Tenders. Seadrill Ltd. continues its construction program with two tenders. The first is a Smedvig Super class vessel, dubbed T-11, with 400-ft (122 m) water-depth range for jackup-assist. It is being built at the Malaysia Marine and Heavy Engineering yard in the Pasir Gudang, Malaysia and has a 5-yr contract with Chevron. The second vessel, West Berami II, is on order at Keppel FELS in Singapore. It is a Keppel FELS SSDT 3600E design with a 5,000-ft (1,524-m) rating for semisubmersible support and is scheduled for delivery in late 2009.
Other utility vessels. Gulfmark Offshore Inc. is in the middle of an eight-vessel newbuild program at Keppel Singmarine. The shipyard recently delivered Sea Cheyenne, a 154-ton (140-mt) bollard pull anchor handling tug/supply vessel. This vessel will operate offshore Vietnam. One more vessel is schedule for delivery this year with the four remaining vessels scheduled for delivery by the end of next year.
Oceanteam has signed for two options with MetalShips & Docks, SUA in Vigo, Spain to build construction support vessels. Delivery is expected in the third quarters of 2011 and 2012. The vessels will serve the subsea, power and umbilical installation markets. The company is also building five large construction support/power-cable lay vessels in a 50/50 venture with Bourbon Offshore Norway AS at the same shipyard. The recently delivered Bourbon Oceanteam 101 vessel began operating last month.
Lewek Shipping awarded a contract to Karmsund Maritime Service for the design and construction of a 27,000-hp Multi-Functional Support Vessel (MFSV) to cost NOK $620 million. This vessel is designed and equipped for offshore construction, subsea installation, ROV interventions, installation-maintenance-repair, anchor handling in up to 16,400-ft (5,000-m) water depth, towing, supply, standby and rescue, and tanker assistance. It includes an ROV hangar and foundations for a heave-compensated offshore crane and an A-Frame. The MFSV is built to meet strict North Sea environmental requirements and is scheduled for delivery in late 2010.
LAND RIG NEWBUILDS
Trinidad Energy Services Income Trust plans to build five new rigs with depth capacities ranging from 16,400 to 18,000 ft (5,000-5,500 m). The rigs will operate in the US on take-or-pay contracts, expanding the company’s US drilling fleet to 42 rigs.
Winstar Resources will build a new rig for drilling and service work in its southern Tunisia exploration and development program. The rig is compact, fully automated for quick set-up and is designed to drill to 9,800 ft (3,000 m).
Grey Wolf is constructing two 1,500-hp rigs built to drill multiple wells from the same location. These new units have been contracted for 3-yr terms with two oil companies. They will be used in the US Rocky Mountain market with deliveries expected in the second and third quarters of 2008. The company has upgraded or refurbished 17 rigs and has deployed eight new rigs.

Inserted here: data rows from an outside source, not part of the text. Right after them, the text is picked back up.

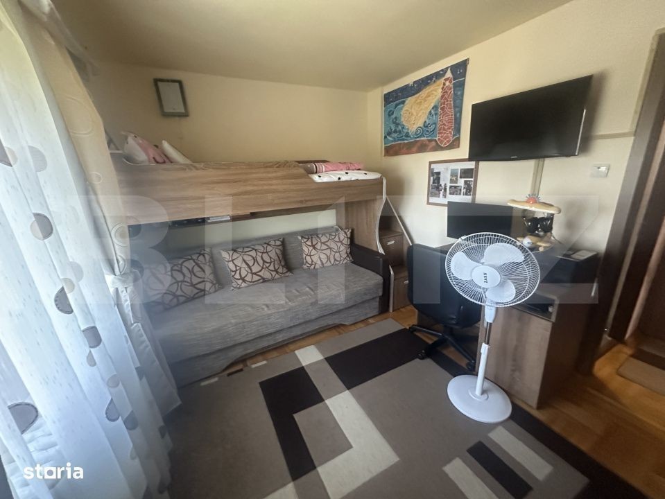 Se oferă spre vânzare un apartament cu 2 camere, semidecomandat, 56 mp utili, situat într-o zonă liniștită din Micro 16, ideal pentru cei care își doresc confort fără griji. Locuința este recent renovată și se vinde complet mobilată și utilată, perfectă pentru mutare imediată sau investiție. Balcon închis tip terasă, amenajat pentru relaxare Acoperiș refăcut, fără probleme sau infiltrații; Izolat blocul interior si exterior Electrocasnice moderne: mașină de spălat vase, mașină de spălat rufe, uscător de rufe, plită, cuptor, hotă și cuptor cu microunde - toate încorporabile Mobilier de calitate, bine întreținut Scara curată, vecini liniștiți; Loc de parcare, boxa beci În apropiere: școli, grădiniță, magazine, mijloace de transport Apartamentul este ideal pentru o familie, un cuplu sau pentru cei care caută o locuință modernă într-o zonă bine conectată și totodată ferită de agitația orașului.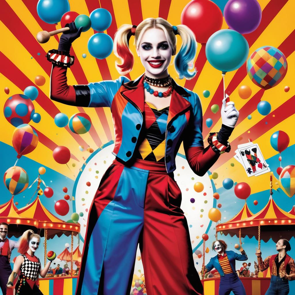 Harley Quinn as a circus performer, female, with a colorful costume and juggling props, set in a vibrant carnival.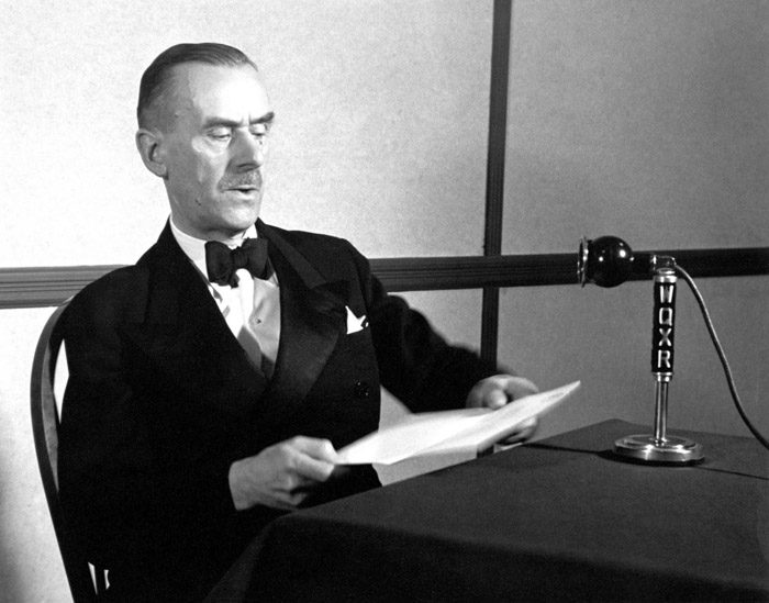 Бывшие соратниками Томаса Манна правые сделались его главными врагами. За антифашистскую деятельность книги Манна сжигали, чем он очень гордился. Самого писателя лишили гражданства и выслали из страны вместе с семьёй, как только НСДАП пришла к власти в 1933 году. После скитаний по Европе часть семейства Манна осела в США, в 1939 году Томас Манн получил американское гражданство. С 1940 года писатель делал записи для радиоэфиров, направленных на немецкую аудиторию, назывались его эфиры «Deutsche Hörer!» («Немецкие слушатели!»). Записи были от пяти до восьми минут, их Манн отправлял в BBC, которая транслировала их на территорию Германии. Вот фрагмент одной из них.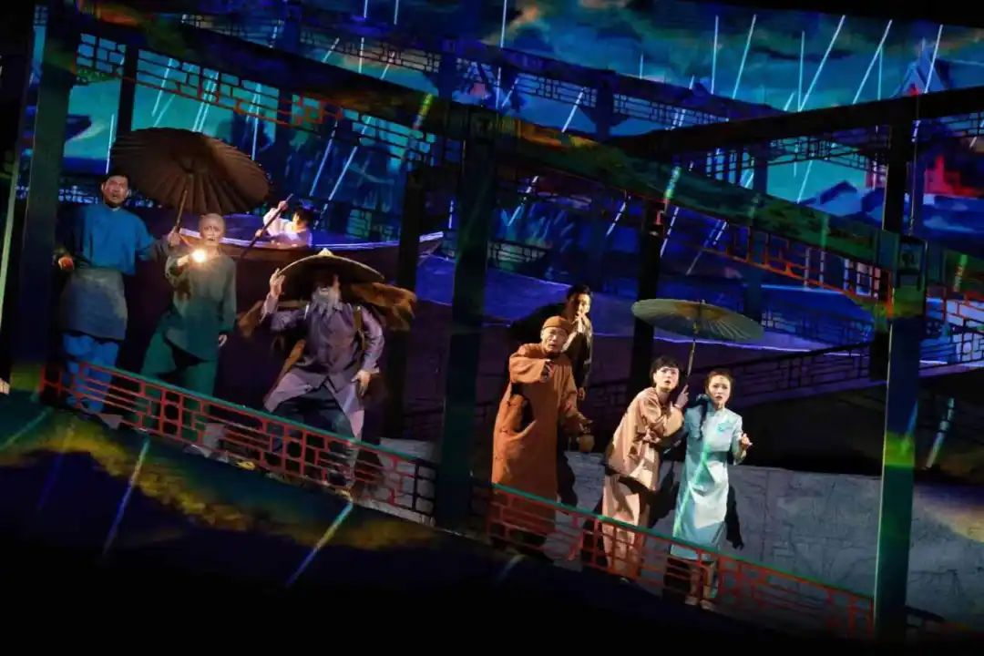 该剧的舞美设置也别出心裁,从服装设置到现场呈现,都采用国内顶级舞美团队倾心打造,在紧扣时代的审美和文化气息的基础上,融合空间交错、弹幕行走,真实与幻影呼应叠加等大胆设计……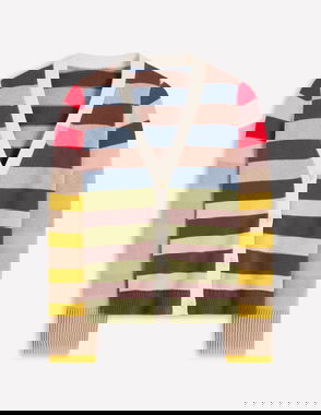 Lucy Stripe Cardigan, Navy/Camel Melange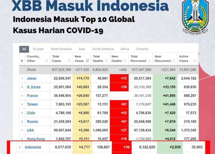Tak hanya di Jatim, peningkatan kasus Vovid-19 juga mengalami peningkatan secara nasional. Bahkan Indonesia masuk sepuluh besar peningkatan secara global dengan tambahan 4.707 kasus secara nasional dalam sehari.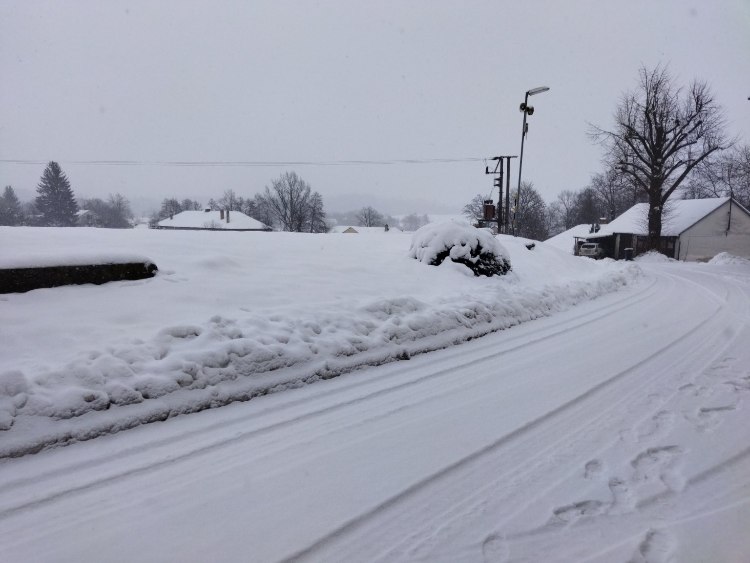 Sněhové přeháňky, bezvětří, tlak 1005 hPa, vlhkost vzduchu 95%

Pioneer Drilling has completed 11 rigs in its 15-rig newbuild program. Since April 2006, the company has added six 1,000-hp electric rigs: one in Utah; two in South Texas and three in North Texas, plus one 1,000-hp mechanical rig in Oklahoma, according to William Stacy Locke, Pioneer’s president and CEO. Starting in January 2007, the company began adding iron roughnecks to all of its rigs, a process it will complete by mid-2008.